→ **SOURCE INFORMATION**:

·····

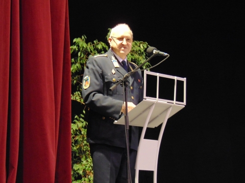 Ünnepi állománygyűlésen köszönte meg Lovasi Péter r. ezredes szolgálatellátását az Országos Rendőr-főkapitányság vezetője nevében Pozsgai Zsolt r. dandártábornok, az Országos Rendőr-főkapitányság Humánigazgatási Szolgálatának vezetője 2016. január 20-án.
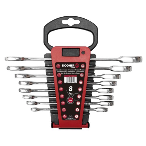 4557-018 | JUEGO 8 LLAVE COMBINADA DOGHER CrV FIJA Y DE CARRACA SIN REVERSOR SOPORTE PLASTICO
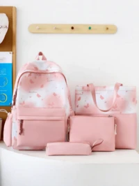 3pcs Set Backpack, Fashion Style, Durable Nylon Material, Adjustable Shoulder Straps, Lightweight & Comfortable, Printed Patchwork Backpack, Zipper Closure, Polyester Lining, Includes Pencil Case, Hand Wash Recommended, Suitable For School And Travel, Back To School Essential 3-Piece Kids Fashion Backpack Set With PU Leather, Glitter & Butterfly Decor, Durable & Breathable Padded Straps, Plush Keychain, Lunch Box That Can Be Attached To Backpack, Ideal For School, Travel, Hiking, Camping, Great Gift For Back To School, Christmas, New Year, Birthday #8 Bestseller
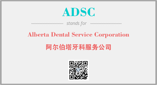 上述内容是“Alberta Dental Service Corporation”作为“ADSC”的缩写,解释为“阿尔伯塔牙科服务公司”时的信息,以及英文缩略词ADSC所代表的英文单词,其对应的中文拼音、详细解释以及在英文中的流行度和相关分类、应用领域及应用示例等。
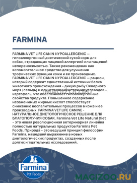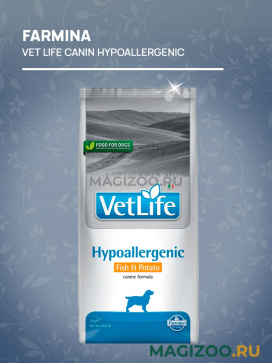 FARMINA VET LIFE CANIN HYPOALLERGENIC — гипоаллергенный диетический сухой корм для собак, страдающих пищевой аллергией или пищевой непереносимостью. Также рекомендован как вспомогательное средство для улучшения трофических функции кожи и ее производных.
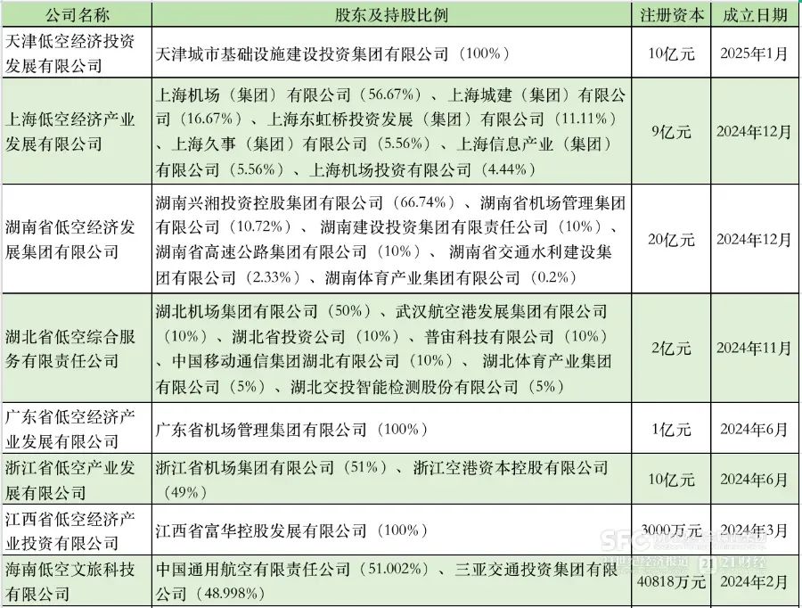 2024年以來,上海、湖南、天津、廣東、浙江、江西、海南等省份均成立了由地方國企控股的低空經濟公司。

·····

→ **EXERCISE REQUIREMENTS**: Would you output, word for word, only the lines running from the line with "3pcs Set Backpack, Fashion" to the end of the listing above, both ends included, with no pictures?

→ **ANSWER SPACE**:
 3pcs Set Backpack, Fashion Style, Durable Nylon Material, Adjustable Shoulder Straps, Lightweight & Comfortable, Printed Patchwork Backpack, Zipper Closure, Polyester Lining, Includes Pencil Case, Hand Wash Recommended, Suitable For School And Travel, Back To School Essential 3-Piece Kids Fashion Backpack Set With PU Leather, Glitter & Butterfly Decor, Durable & Breathable Padded Straps, Plush Keychain, Lunch Box That Can Be Attached To Backpack, Ideal For School, Travel, Hiking, Camping, Great Gift For Back To School, Christmas, New Year, Birthday #8 Bestseller
 上述内容是“Alberta Dental Service Corporation”作为“ADSC”的缩写,解释为“阿尔伯塔牙科服务公司”时的信息,以及英文缩略词ADSC所代表的英文单词,其对应的中文拼音、详细解释以及在英文中的流行度和相关分类、应用领域及应用示例等。
 FARMINA VET LIFE CANIN HYPOALLERGENIC — гипоаллергенный диетический сухой корм для собак, страдающих пищевой аллергией или пищевой непереносимостью. Также рекомендован как вспомогательное средство для улучшения трофических функции кожи и ее производных.
 2024年以來,上海、湖南、天津、廣東、浙江、江西、海南等省份均成立了由地方國企控股的低空經濟公司。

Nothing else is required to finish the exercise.